Re: [gentoo-user] Re: In the fear of getting hacked (WLAN setup)
H, On Sat, 18 Jul 2015 06:47:21 +0300 Nikos Chantziaras wrote: > > The problem I (possibly needless) see is: While I am tinkering and > > testing the configuration I may setup an open Wifi access point > > without noticing it in first glance and > > BANG! get hacked ... in the worst case: unrecognized... > > > > What is the "best practice" here? > > Is there a certain independant configuration, which I can set, > > which prevents this scenario? > > > > Thank you very much in advance for any help! > > Best regards, > > Meino > > > > PS: If one knows the ASUS Memo Pad 7 ME176CX and knows a > > way to locally connect this tablet to the internet...this > > would be a way to go also. I would appreciate any hint in > > this case (Using Lollipop 5.0). > > If you don't have any daemons running that provide network services > (have opened listen ports), you can't get hacked. This is usually a > problem for Windows, which by default has a gazillion of services > running (NetBIOS, printer/media/filesystem/everything sharing, > messaging, remote desktop, etc.) > > On Gentoo, if *you* didn't set up a service, then nothing is listening > on the network. Yes and no. If user enabled network interface and has no network daemons running, kernel still listens to that interface (ARP, icmp and so on) and may be hacked using vulnerabilities in network stack, protocol handlers or even network device drivers. By default Gentoo has no interfaces enabled, but usually they are set up during initial install. And users may be unaware that even without any network applications they may be vulnerable with enabled interfaces. Proper configuration of kernel, especially iproute2 and iptables can minimize such risks, of course. Best regards, Andrew Savchenko pgpKQ3DbwKSv3.pgp Description: PGP signature
[gentoo-user] Re: In the fear of getting hacked (WLAN setup)
gmx.de> writes: > What is the "best practice" here? > Is there a certain independant configuration, which I can set, > which prevents this scenario? Briefly:: 'eix -Cc net-wireless' will tell you what the packages in this category do.
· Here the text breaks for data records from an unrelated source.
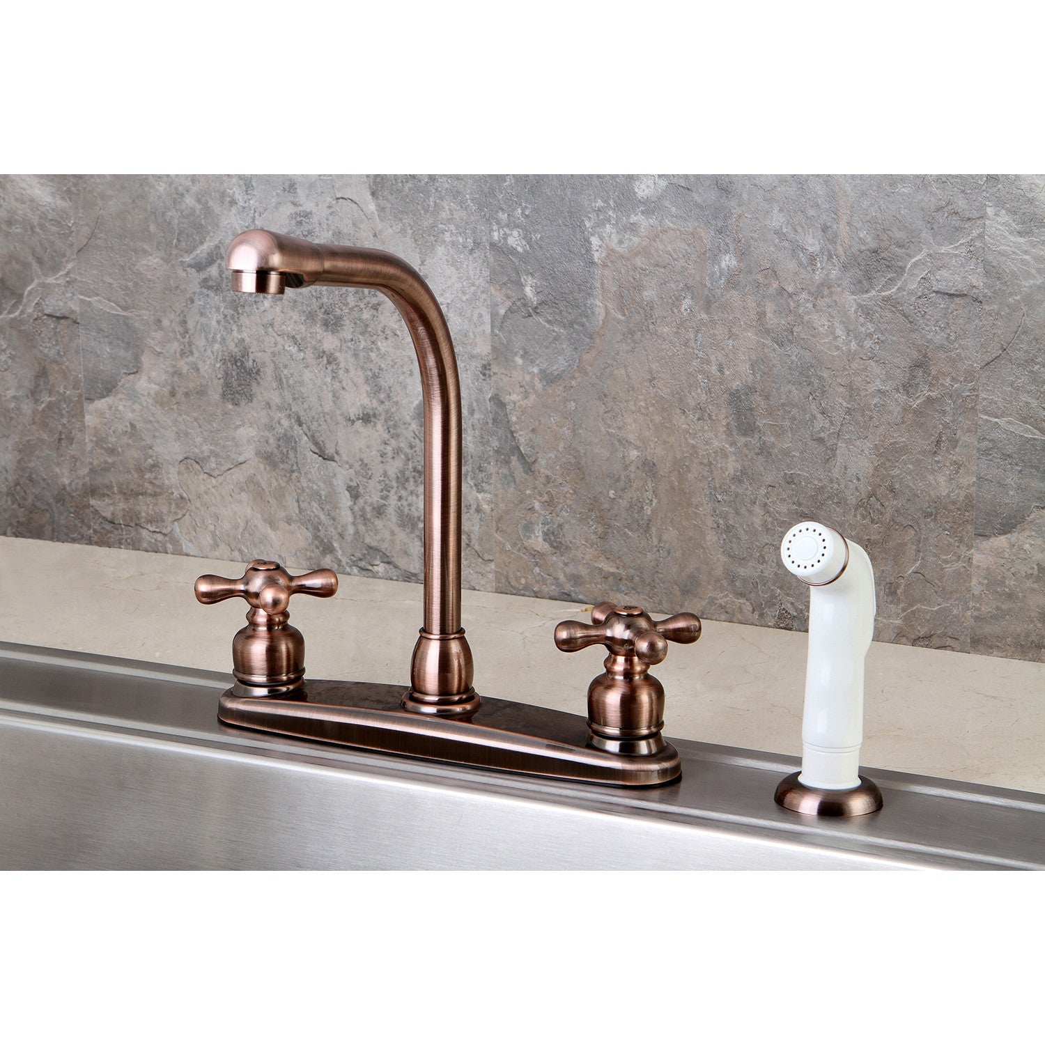 Victorian KB716AX Two-Handle 4-Hole Deck Mount 8" Centerset Kitchen Faucet with Side Sprayer, Antique Copper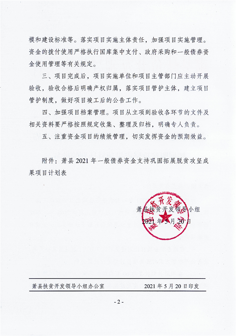 關(guān)于下達(dá)蕭縣2021年一般債券資金用于鞏固拓展脫貧攻堅(jiān)成果項(xiàng)目計(jì)劃的批復(fù)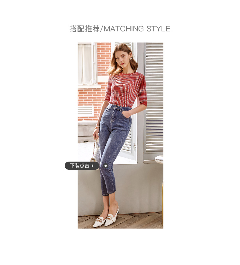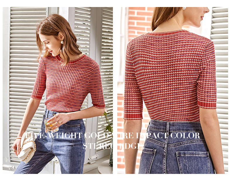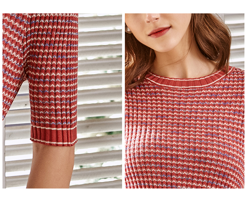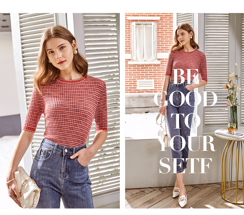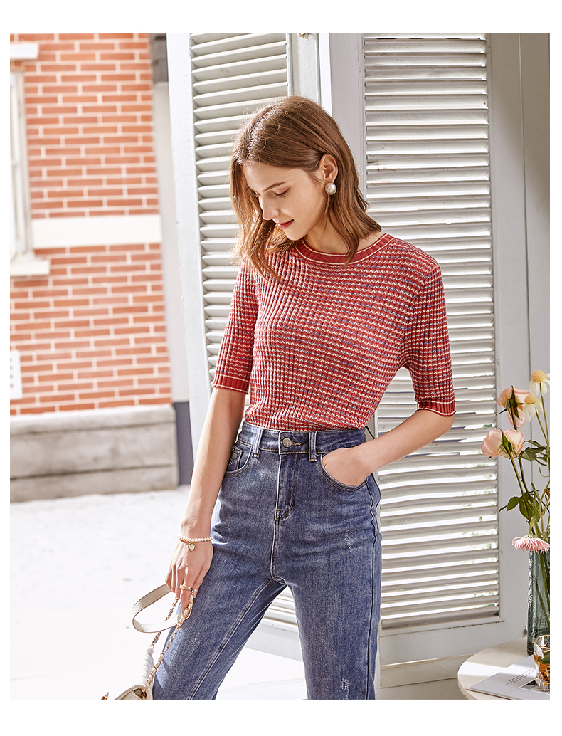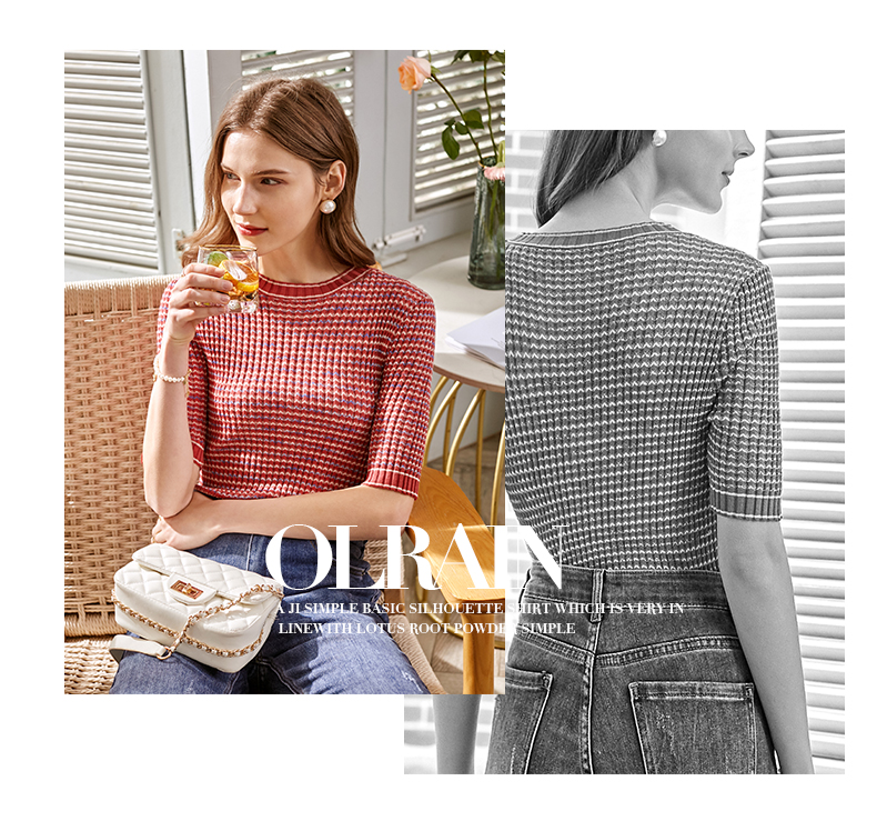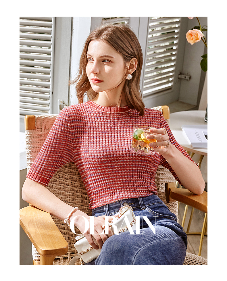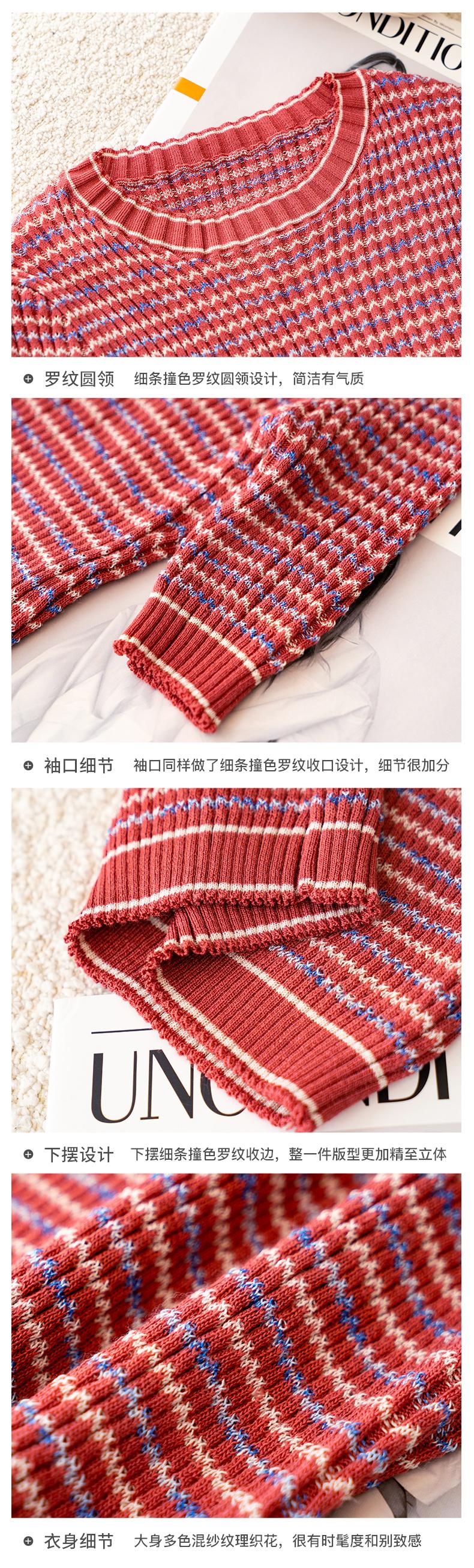 欧芮儿圆领毛针织衫女2021春款修身显瘦气质优雅法式文艺感上衣
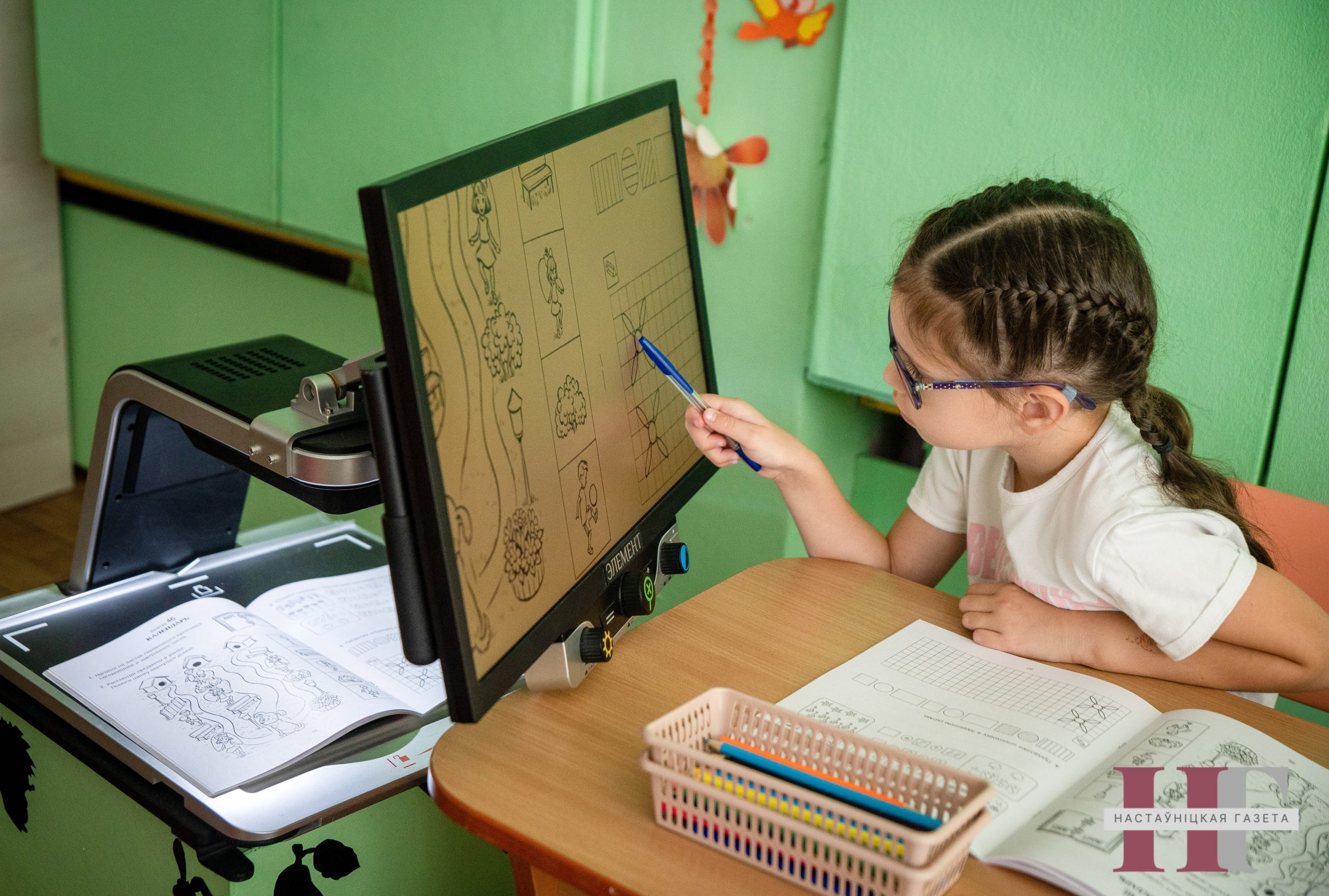 — Мы абапіраемся на патрэбы і магчымасці кожнага дзіцяці і ўлічваем рэкамендацыі афтальмолага, — расказвае педагог. — Гатовыя дапаможнікі не заўсёды падыходзяць для выхаванцаў: графіка можа быць занадта дробнай або недастаткова кантраснай. Таму ўсе матэрыялы і заданні адаптую пад канкрэтнага малога, многія з іх ствараю сама на камп’ютары. Часам для заняткаў патрабуецца дадатковае абсталяванне, напрыклад, павелічальнае шкло. Так, бацькі адной маёй выхаванкі з цяжкай прыроджанай паталогіяй вачэй набылі спецыяльны павелічальнік, які дазваляе разглядаць выявы з васьміразовым павелічэннем. Спачатку дзіця вывучае заданне ў кнізе праз экран прылады, а затым выконвае яго ў сшытку. У будучыні, калі дзяўчынка працягне навучанне ў школе, гэты прыбор будзе для яе незаменным памочнікам пры рабоце з падручнікамі.

You either have to purchase a wireless router, or build one with a wireless card, iptables and set up NAT. You'll need some additional software packages from net-wireless. Once you get the wireless device setup, its a good idea to test your wireless network security. net-wireless/airsnort is the grand_daddy Many others exist:: net-wireless/airtraf net-wireless/aircrack-ng is a good start. You can run these from a laptop with a wireless interface. Google for wiki sites or arch linux sites and howto setup and use. hth, James
[gentoo-user] Re: In the fear of getting hacked (WLAN setup)
On 18/07/2015 06:34 πμ, meino.cra...@gmx.de wrote: Hi, in order to connect my ASUS Memp Pad 7 ME176CX to the internet I need a working WLAN (my DSL router/modem is of the copper area - no Wifi/WLAN). The hardware (an USB dongle) is already there...it needs "only" be configured and setup. The problem I (possibly needless) see is: While I am tinkering and testing the configuration I may setup an open Wifi access point without noticing it in first glance and BANG! get hacked ... in the worst case: unrecognized... What is the "best practice" here? Is there a certain independant configuration, which I can set, which prevents this scenario? Thank you very much in advance for any help! Best regards, Meino PS: If one knows the ASUS Memo Pad 7 ME176CX and knows a way to locally connect this tablet to the internet...this would be a way to go also. I would appreciate any hint in this case (Using Lollipop 5.0). If you don't have any daemons running that provide network services (have opened listen ports), you can't get hacked. This is usually a problem for Windows, which by default has a gazillion of services running (NetBIOS, printer/media/filesystem/everything sharing, messaging, remote desktop, etc.) On Gentoo, if *you* didn't set up a service, then nothing is listening on the network.